The nurse has four clients who are scheduled to see the physician for 'fatigue' and other general symptom complaints. Which client does the nurse determine is at most risk for having chronic fatigue syndrome?
- A. Male of Hispanic descent, age 28 years
- B. Female of Caucasian descent, age 47 years
- C. Female of African descent, age 42 years
- D. Female of Chinese descent, age 18 years
Correct Answer: B
Rationale: Estimates are that as many as 4 million people in the United States have symptoms corresponding with chronic fatigue syndrome, but fewer than 80% have been diagnosed by a medical provider. Most clients who seek treatment for their symptoms are Caucasian women 40 to 59 years of age.

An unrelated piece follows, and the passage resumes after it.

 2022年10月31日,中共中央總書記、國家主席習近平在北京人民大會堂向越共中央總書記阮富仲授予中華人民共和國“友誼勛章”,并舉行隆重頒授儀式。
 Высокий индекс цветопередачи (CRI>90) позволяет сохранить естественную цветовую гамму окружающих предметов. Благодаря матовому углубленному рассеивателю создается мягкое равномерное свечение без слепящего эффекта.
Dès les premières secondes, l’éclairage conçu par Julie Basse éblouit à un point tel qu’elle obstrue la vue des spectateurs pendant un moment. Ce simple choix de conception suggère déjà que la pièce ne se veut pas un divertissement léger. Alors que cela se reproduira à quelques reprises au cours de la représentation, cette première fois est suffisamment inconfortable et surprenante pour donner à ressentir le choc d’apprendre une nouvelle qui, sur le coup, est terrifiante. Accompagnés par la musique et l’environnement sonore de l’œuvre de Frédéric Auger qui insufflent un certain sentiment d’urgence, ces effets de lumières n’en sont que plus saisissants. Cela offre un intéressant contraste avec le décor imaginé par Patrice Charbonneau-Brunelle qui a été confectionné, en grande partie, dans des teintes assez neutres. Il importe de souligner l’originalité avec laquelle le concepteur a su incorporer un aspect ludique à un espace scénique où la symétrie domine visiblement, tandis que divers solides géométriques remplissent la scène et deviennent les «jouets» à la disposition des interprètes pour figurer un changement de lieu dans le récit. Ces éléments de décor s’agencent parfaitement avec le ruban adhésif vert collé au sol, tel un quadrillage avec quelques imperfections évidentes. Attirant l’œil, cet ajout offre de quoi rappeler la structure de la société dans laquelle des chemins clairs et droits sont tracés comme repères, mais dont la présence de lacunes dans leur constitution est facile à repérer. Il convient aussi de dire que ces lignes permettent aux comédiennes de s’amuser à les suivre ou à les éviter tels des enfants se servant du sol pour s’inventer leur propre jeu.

CFS also occurs at lower rates among children, adolescents, and men.
The clinic nurse is caring for a client with an allergic disorder who has received the first sensitizing dose of a new drug. What nursing action is most important at this point?
- A. Assess the client for reduced urine output.

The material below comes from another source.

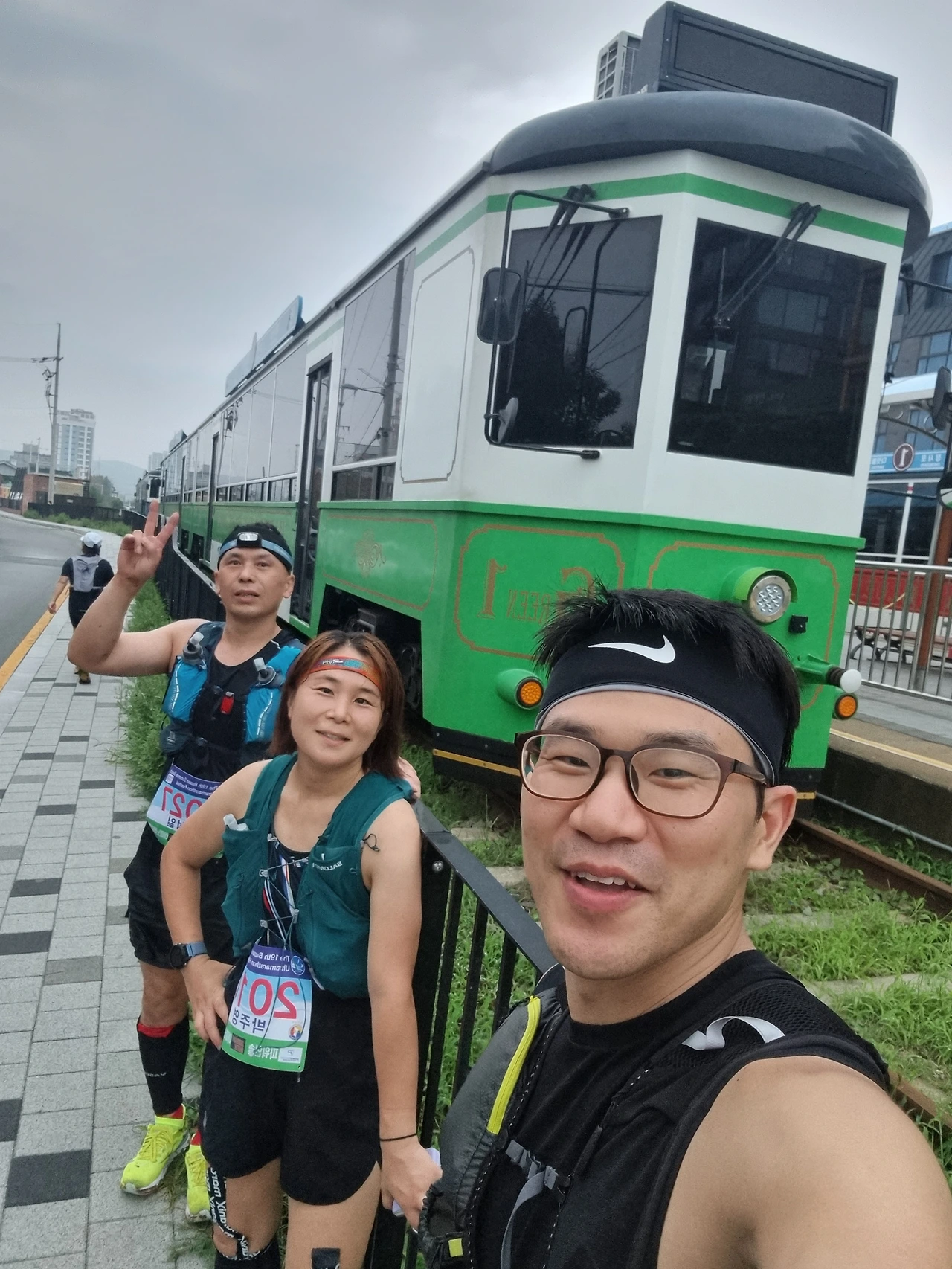 구송정역이 CP였다. CP가 보이자 얼마나 신났는지 모른다. CP만 만나면 마치 경주가 끝이난 사람처럼, 행복하고 기분이 좋았다. 날아서도 갈 수 있을 것 같았다. 거기서 수박화채를 준비해 주셨다. 이미 대변항 반환점을 찍고 오신 분들도 계셨다. 다들 지쳐 보였지만 문텐로드 진흙길을 어떻게 다시 갈지 걱정이 된다는 말을 하였다. 그분들도 많이들 넘어지셨는지 신발부터 양말, 바지까지 진흙이 많이 묻어 있었다. 그 길을 다시 갈 생각을 하니 눈앞이 컴컴해지기도 한다. 하지만 '일단 나중일은 나중에 생각하자. '라며 다시 긍정회로를 돌렸다. 지금 걱정해 봐야 스트레스만 받을 뿐이었다. 우리가 갈 때는 해가 비추어 땅이 많이 말라 있기를 바라는 수밖에 없었다. 바람이 불어서 진흙의 미끄러움이라도 없어지길 바라는 수밖에 없었다. 그래도 돌아갈 때는 적어도 해가 떠있으니 밝을 것이다. 화채를 먹고 있는데, 벌써 돌아오는 사람들이 많았다. 한 젊어 보이는 남자는 너무 힘들어 보이는 표정으로 들어왔다. CP에 오자마자 물을 마시는 것이 아니라 바셀린을 찾더니 겨드랑이가 많이 쓸렸는지 바셀린을 바르며 고통을 호소하는 소리를 질렀다. 금방이라도 울음이 터질 것 같은 모습이었다. 다들 너무 사서 고생이다. 나도 대변항 반환점을 찍고 오면 이렇게 지쳐 있을까. 한편으로는 이제 10Km 정도밖에 남지 않은 그 청년이 부럽기도 하고, 아파서 당장이라도 쓰러질 것 같은데 꾸역꾸역 뛰고 있는 것이 안타깝기도 했다.
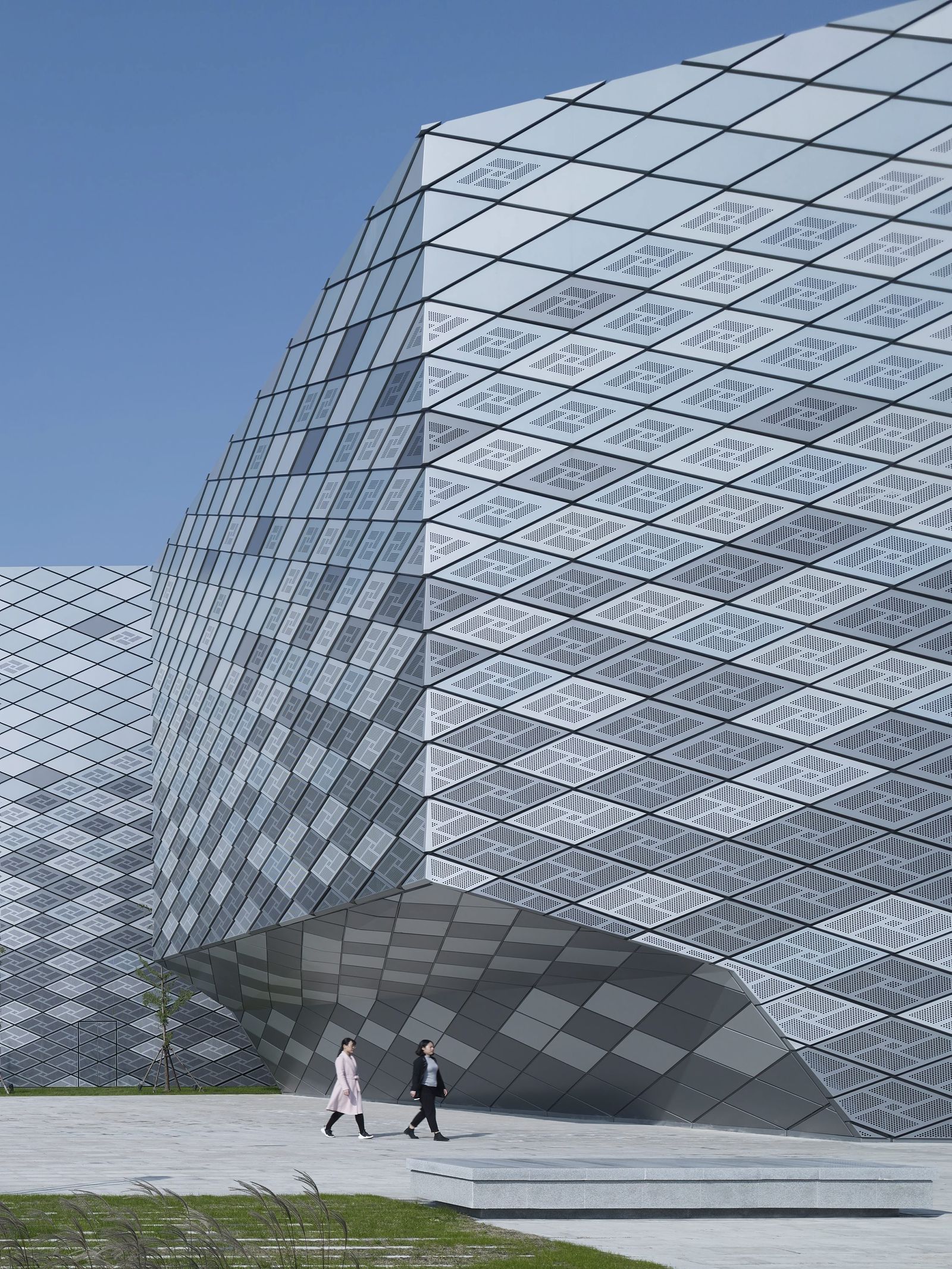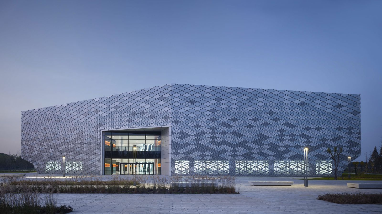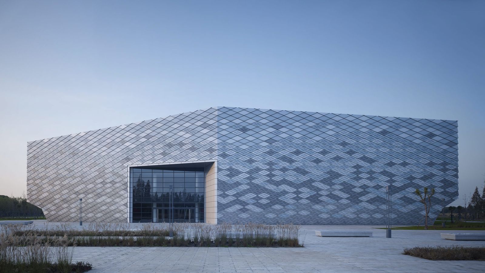 The Oriental Land Shanghai leisure park is located some 27 kilometers outside the city of Shanghai at Zhujiajiao in the Qingpu District. Directly adjacent to the technical exhibition complex, a training center has been created in which groups of school pupils can learn how to behave correctly in dangerous situations. The three-story development consists of five parallel blocks that are slightly offset from each other and whose upper floors cantilever at the ends. A central hall running from north to south connects the building blocks as a central atrium. The different building blocks are accessed from the lobby and the surrounding galleries. A scale–like metal facade consisting of diamond-shaped panels covers the entire building complex; only the north and south entrances and the junctions between the blocks feature glazed facades. The room-high glazing between the building blocks provides views, making the sequence of blocks evident as one passes through the building. Depending on the angle of the light, the blue-gray metal panels of the facade of the training center appear to merge, like camouflage, with the surroundings. Perforated panels allow light to fall into the rooms behind them and cover the ventilation openings. Parametric facade design was used to make economic serial production possible in spite of the complex geometry of the exterior envelope—an important factor given the tight budget.

- B. Monitor the client for reactions.
- C. Assess the client for reduced appetite.
- D. Monitor the client for increased heart rate.
Correct Answer: B
Rationale: Monitoring the client for 30 minutes after desensitization injection is necessary to assess for allergic symptoms. Although it is important to ensure the client's comfort, it is not essential to assess the client for changes in urine output, appetite, or heart rate.
A client sustained an injury in one eye during a basketball game after being hit with another player's elbow. The client reports now having difficulty with vision in the other eye too, although that eye was not hit by the elbow. What does the nurse understand this phenomenon to be known as?
- A. Cataracts
- B. Psychosomatic blindness
- C. Glaucoma
- D. Sympathetic uveitis
Correct Answer: D
Rationale: When a person experiences trauma followed by inflammation to the iris, ciliary body, and choroid layer of one eye, the vision in the untraumatized eye also becomes affected. The term for this phenomenon is sympathetic uveitis. Cataracts do not occur from trauma, they develop over time. Psychosomatic blindness does not relate to the client's visual disturbance because the client is not blind at this time. Glaucoma is an eye disorder that occurs over time and is not related to trauma to the eye.